PROBLEM
Copy exactly the lines from the beginning of the data down to and including the line holding "Ультратонкая светодиодная панель", without any pictures.

DATA
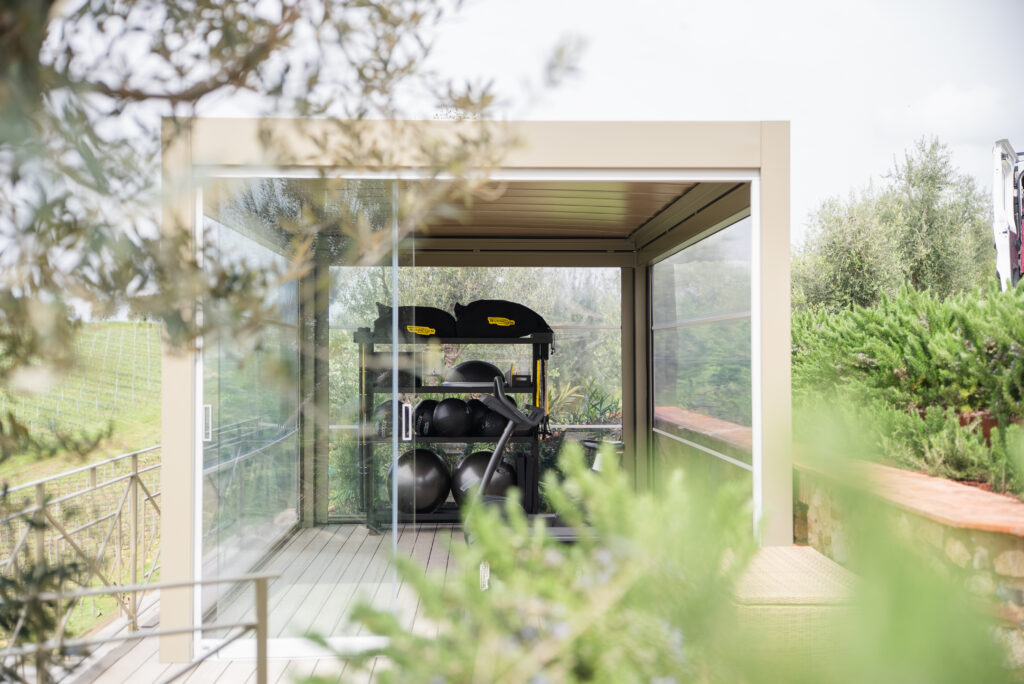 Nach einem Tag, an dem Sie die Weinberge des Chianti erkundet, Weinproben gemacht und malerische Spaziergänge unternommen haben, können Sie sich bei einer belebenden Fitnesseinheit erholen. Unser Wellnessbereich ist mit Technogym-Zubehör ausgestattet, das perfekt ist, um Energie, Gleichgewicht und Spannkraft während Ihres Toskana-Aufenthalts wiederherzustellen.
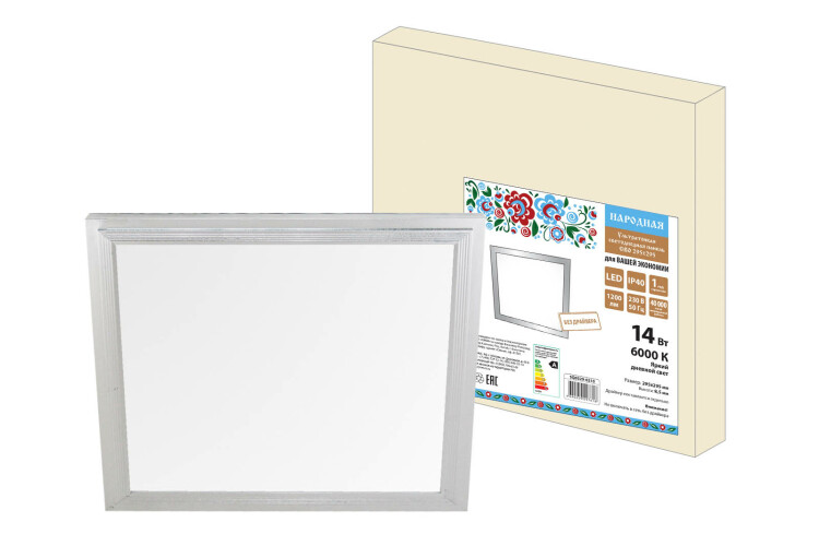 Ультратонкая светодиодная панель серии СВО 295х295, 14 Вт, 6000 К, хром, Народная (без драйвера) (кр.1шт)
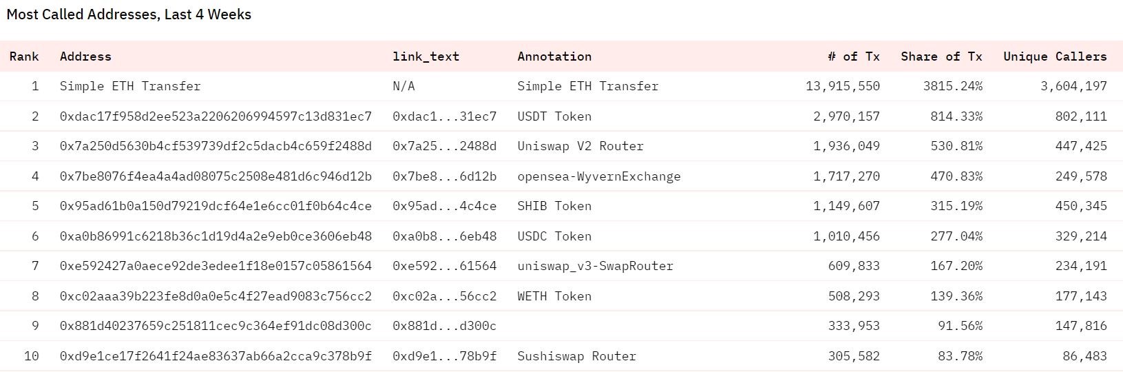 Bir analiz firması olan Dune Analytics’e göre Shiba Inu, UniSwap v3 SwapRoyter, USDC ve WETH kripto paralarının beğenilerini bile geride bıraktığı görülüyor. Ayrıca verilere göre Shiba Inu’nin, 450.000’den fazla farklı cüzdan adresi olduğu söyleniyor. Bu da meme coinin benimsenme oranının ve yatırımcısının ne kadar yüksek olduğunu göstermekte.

FINAL ANSWER
 Nach einem Tag, an dem Sie die Weinberge des Chianti erkundet, Weinproben gemacht und malerische Spaziergänge unternommen haben, können Sie sich bei einer belebenden Fitnesseinheit erholen. Unser Wellnessbereich ist mit Technogym-Zubehör ausgestattet, das perfekt ist, um Energie, Gleichgewicht und Spannkraft während Ihres Toskana-Aufenthalts wiederherzustellen.
 Ультратонкая светодиодная панель серии СВО 295х295, 14 Вт, 6000 К, хром, Народная (без драйвера) (кр.1шт)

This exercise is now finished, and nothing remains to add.